As a freshman at UC San Diego in 2023, Eyanson appeared in eight games and had a 2–1 win–loss record with a 4.34 ERA over 29 innings pitched. As a sophomore, he appeared in 14 games (making nine starts) and pitched to a 6–2 record, a 3.07 ERA, and 85 strikeouts over 82 innings. That summer, he played in the Cape Cod Baseball League with the Cotuit Kettleers alongside being named to the USA Baseball Collegiate National Team. He also announced that he would be transferring to Louisiana State University (LSU) for the 2025 season. Eyanson was slotted second into LSU's starting rotation. Over 20 games (18 starts) for the Tigers, he went 12–2 with a 3.00 ERA and 152 strikeouts over 108 innings, helping the Tigers win the 2025 Men's College World Series. He was named to the 2025 College Baseball All-America Team by Baseball America.

==Professional career==

=== Boston Red Sox ===
Eyanson was selected by the Boston Red Sox in the third round of the 2025 Major League Baseball draft with the 87th overall pick.

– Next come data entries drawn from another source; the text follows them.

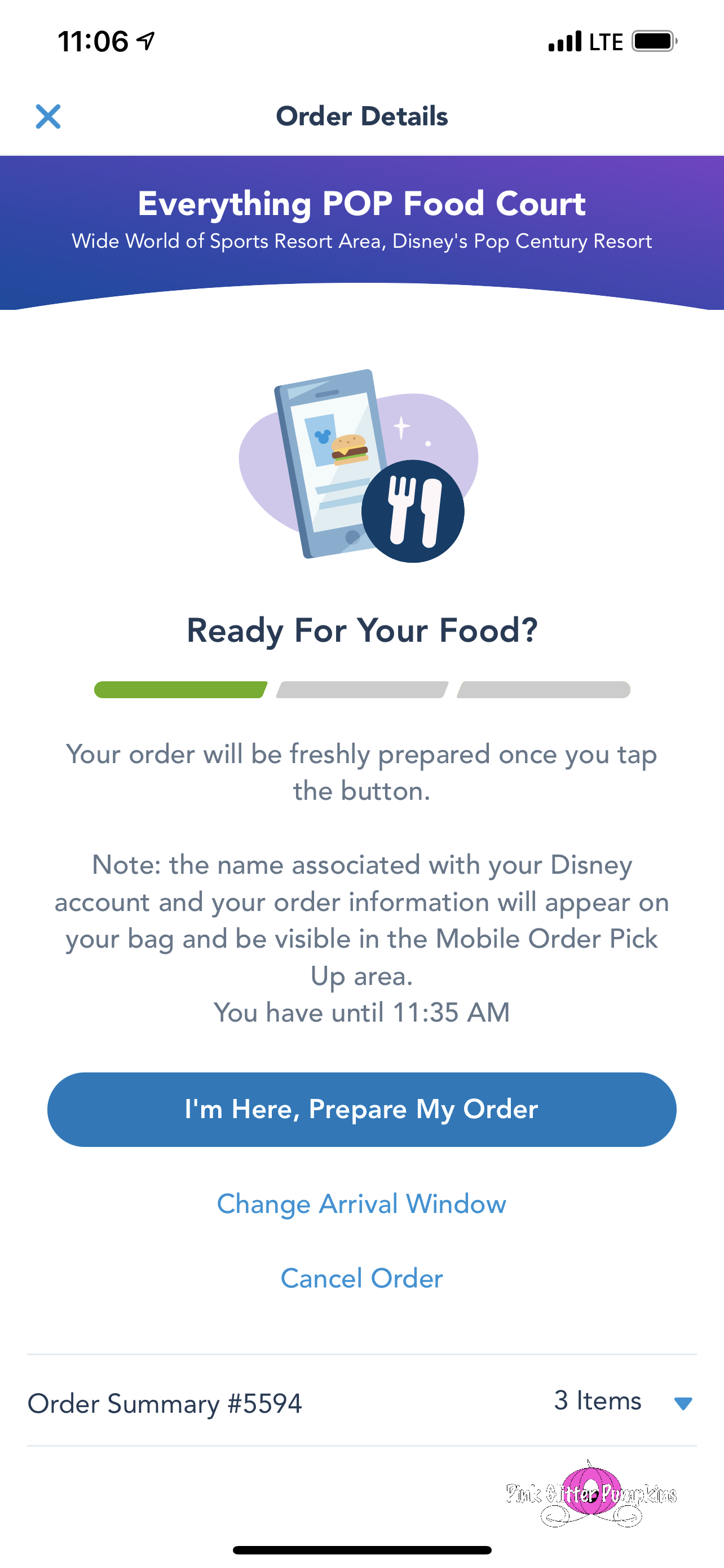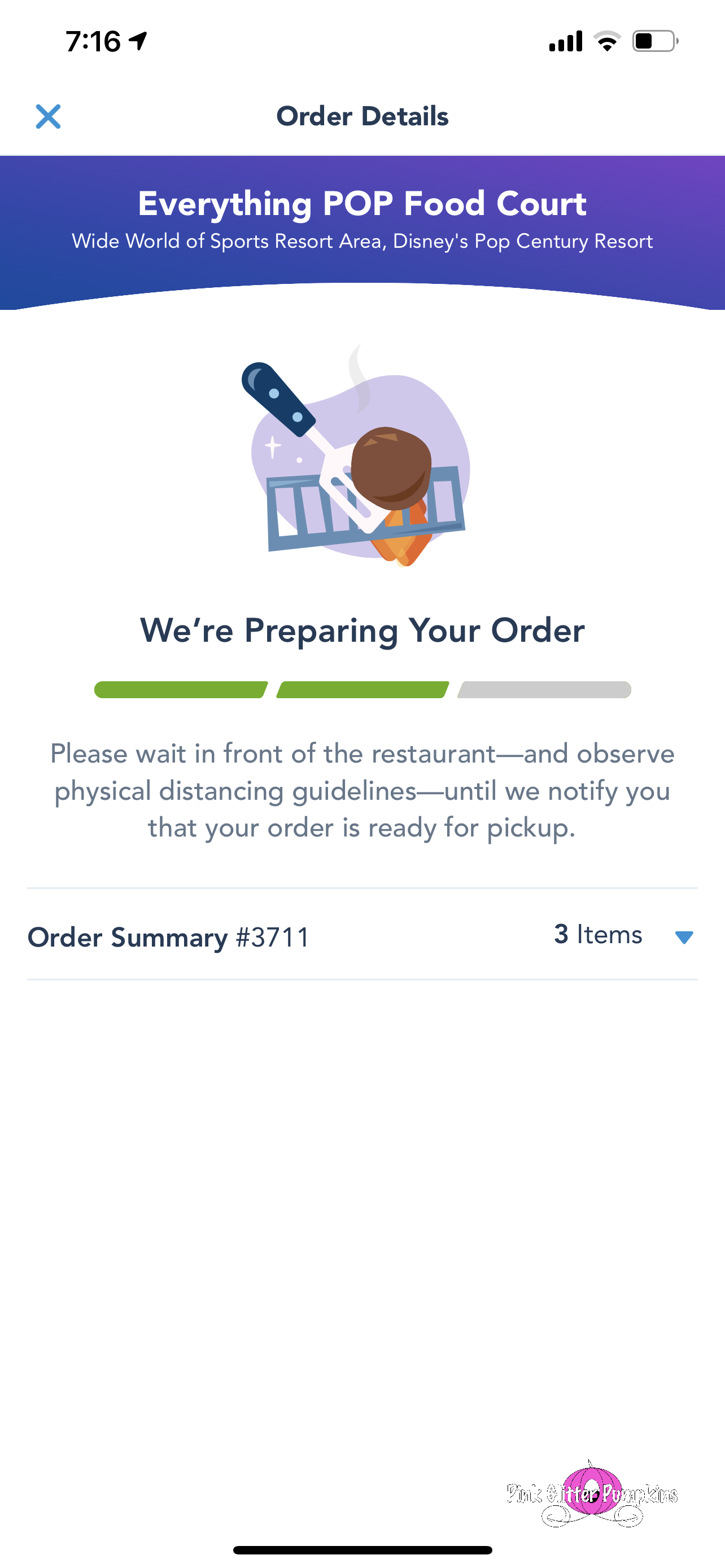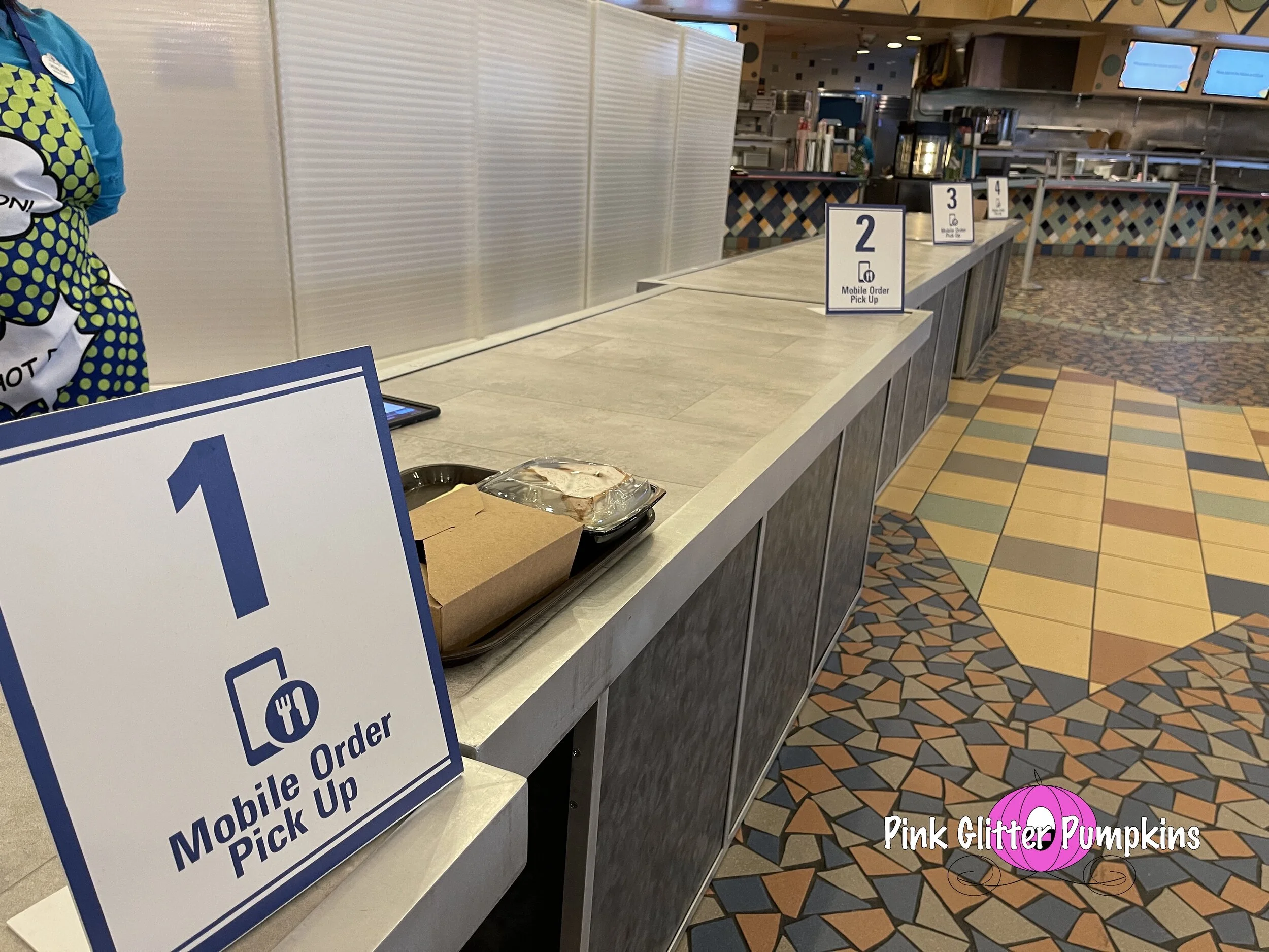 Once you have the purple screen that says your order is ready, head to the food court ENTRANCE. You will find this in the lobby of the hotel. Look for signs that point to mobile order vs shopping. This was on the right side for us during our stay.
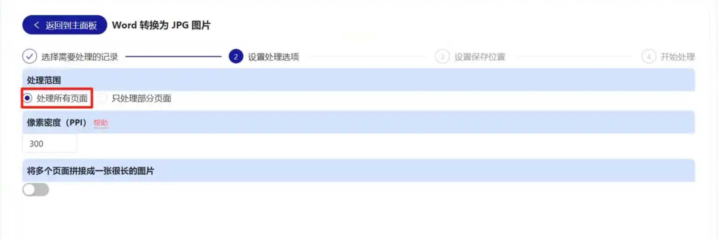 步骤三:在输出设置中,自定义图片格式、分辨率及页面范围。您可以选择转换全部页面,或指定从某页到某页;如需生成连贯的长图,勾选相应拼接选项即可。
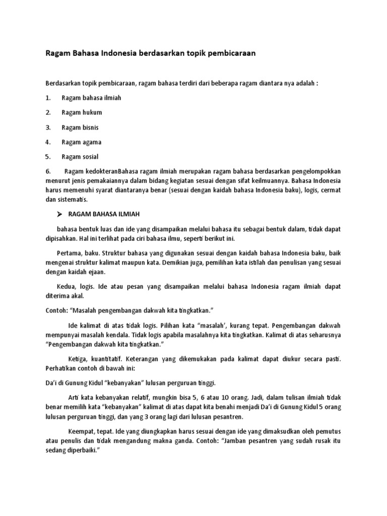 Ragam bahasa menurut fishmaned (1968) suatu ragam bahasa, terutama ragam bahasa jurnalistik dan hukum, tidak tertutup kemungkinan untuk menggunakan bentuk kosakata ragam bahasa baku agar dapat menjadi anutan bagi masyarakat pengguna bahasa indonesia. Penutur sering mengulangi beberapa kalimat. Kalimat dalam ragam bahasa tulis lengkap secara gramatikal. Dia dihukum karena melakukan tindak. Ragam bahasa hukum adalah bahasa indonesia yang corak penggunaan bahasanya khas b.
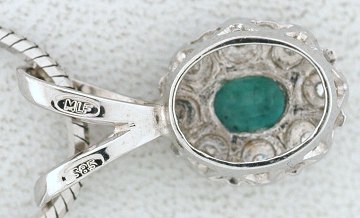 Diamantvedhæng af 14 kt. hvidguld, prydet m. en ovalsleben smaragd på ca. 0,20 ct, hvilken er indkranset af 8 brillantslebne diamanter på ialt ca. 0,04 ct. Stemplet "MLF 585".
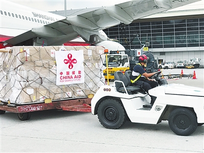 中國政府援助馬來西亞抗疫物資抵達馬來西亞吉隆坡國際機場。新華社發
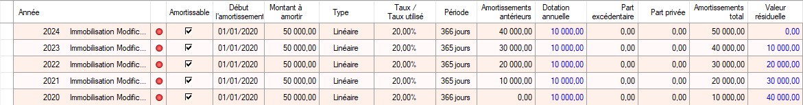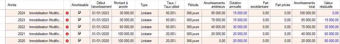 - Un taux linéaire de 50% afin de créer un amortissement de 30 000€ en 2022 [20 000 initiaux + 10 000 supplémentaires] afin de constater une valeur résiduelle de 30 000€ en fin d'année 2022
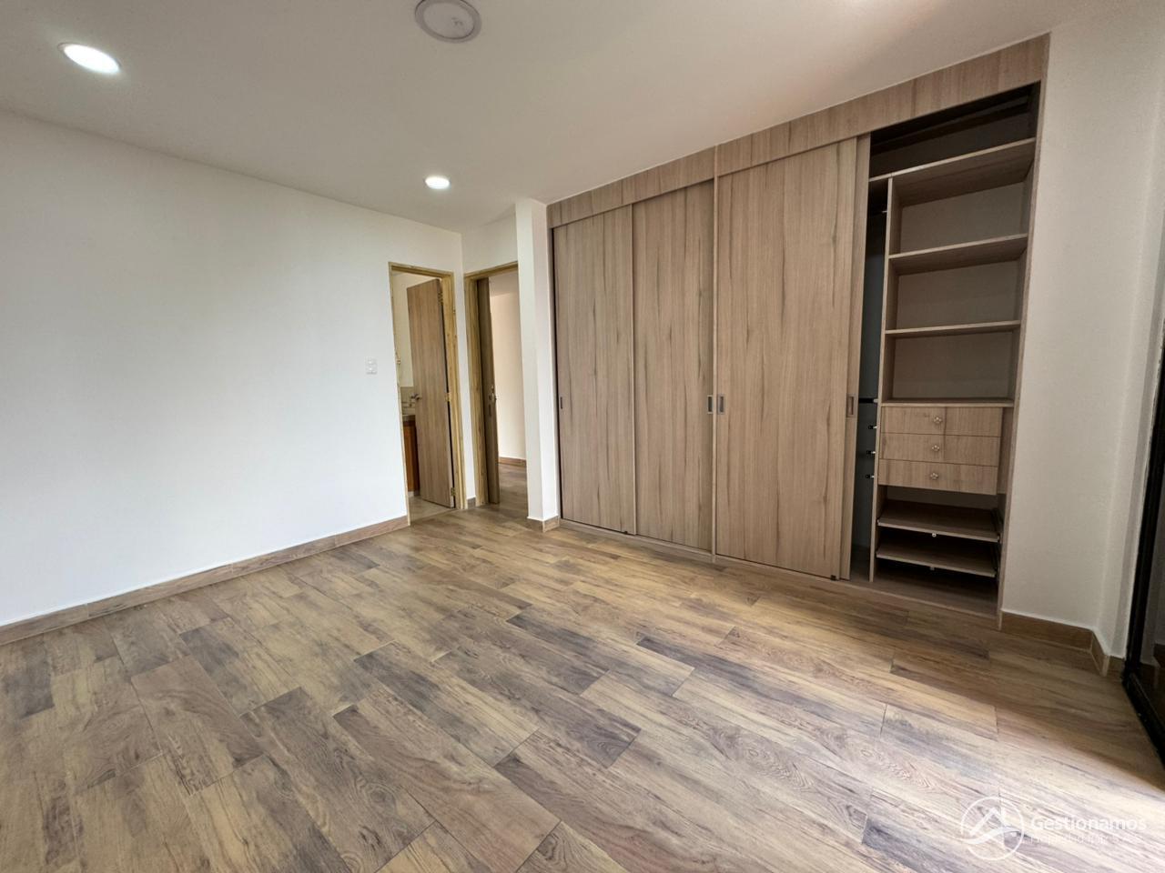Apartamento de 113 m2, 3 alcobas, sala comedor, cocina integral, 3 baños, 3 closets, piso en cerámica, madera laminada, zona de ropa, parqueadero cubierto, cuarto útil, excelentes acabados e iluminación.
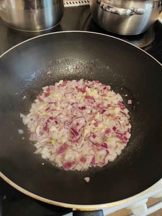 1) нарезаем одну красную небольшую луковицу, можно большую если любите много лука. Выбирайте для себя как. Круто полукольцацами, я выбрал кубиками , т.к малая не очень любит явно лук на вид, но на вкус любит.2 зубчика чеснока раздавливаем и мелко шинкуем к луку.
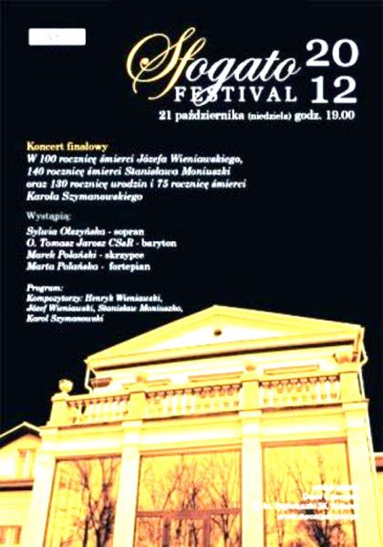 Już w najbliższą niedzielę (21.10) w Sali Balowej Dworu Czeczów odbędzie się finałowy koncert III Międzynarodowego Festiwalu Muzyczno-Artystycznego Sfogato.
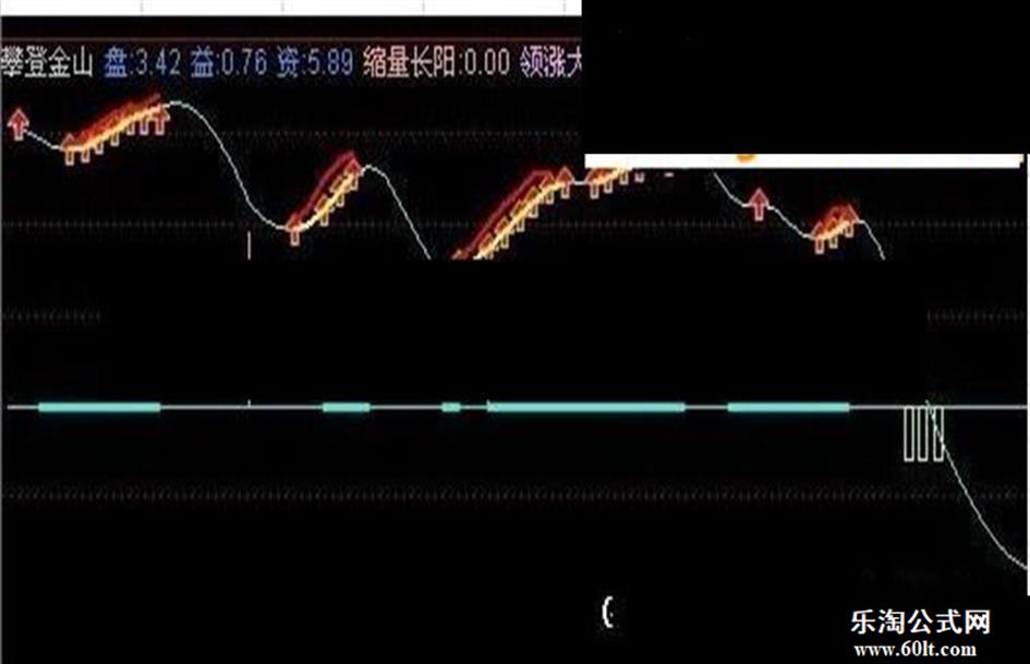 IF(攀登>金山 AND 攀登>=REF(攀登,1),攀登,DRAWNULL),COLORRED,LINETHICK2;
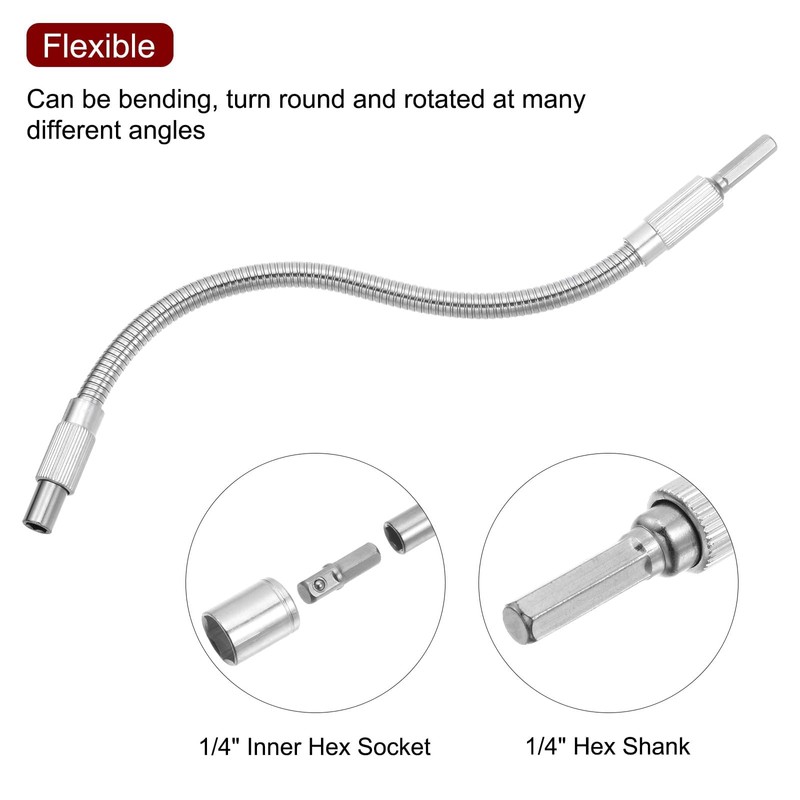 - [Features]: The bendable drill extension can twist and rotate at 360 degrees, making it ideal for working in tight spaces and awkward angles. It's flexible, easy to fold, and portable, perfectly suited for daily tasks.
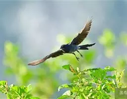 白喉扇尾鹟:是鸟纲、扇尾鹟科的小型鸟类,体重9-14克,体长151-202毫米。通体黑灰色,…
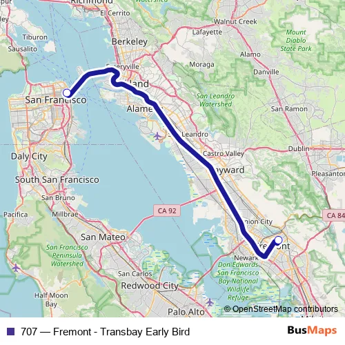 The first stop of the 707 bus route is Fremont Bart and the last stop is Salesforce Transit Center. 707 (Fremont - Transbay Early Bird) is operational during entre semana.
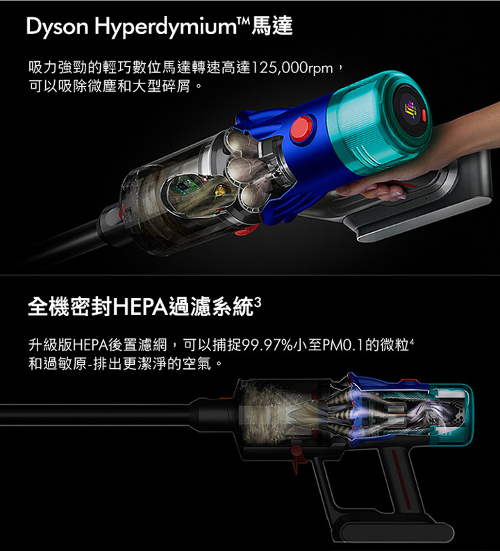 強勁的Hyperdymium馬達每分鐘轉速高達125,000轉,提供230AW強勁吸力

On July 20, 2025, Eyanson signed with the Red Sox for $1,750,000, above slot value.

Eyanson made his professional debut in 2026 with the High-A Greenville Drive. He made five starts and pitched 20 1/3 innings in which he had a 0.44 ERA, 34 strikeouts, and three walks before he was promoted to the Double-A Portland Sea Dogs. Across 11 games (ten starts) with Portland, Eyanson had a 4–0 record, a 1.69 ERA, and 60 strikeouts across 48 innings. He was selected to represent the Red Sox at the 2026 All-Star Futures Game alongside Franklin Arias.

=== Baltimore Orioles ===
On August 3, 2026, the Red Sox traded Eyanson along with Enddy Azócar, Carlos Narváez, Kyson Witherspoon and Harold Rivas to the Baltimore Orioles in exchange for Adley Rutschman, Jake Rogers, and cash considerations. The Orioles assigned him to the Double-A Chesapeake Baysox. Eyanson made six starts for Chesapeake and had a 2–1 record, a 2.03 ERA, and 47 strikeouts over 31 innings. He was awarded the Eastern League Pitcher of the Year Award for his performances with Portland and Chesapeake.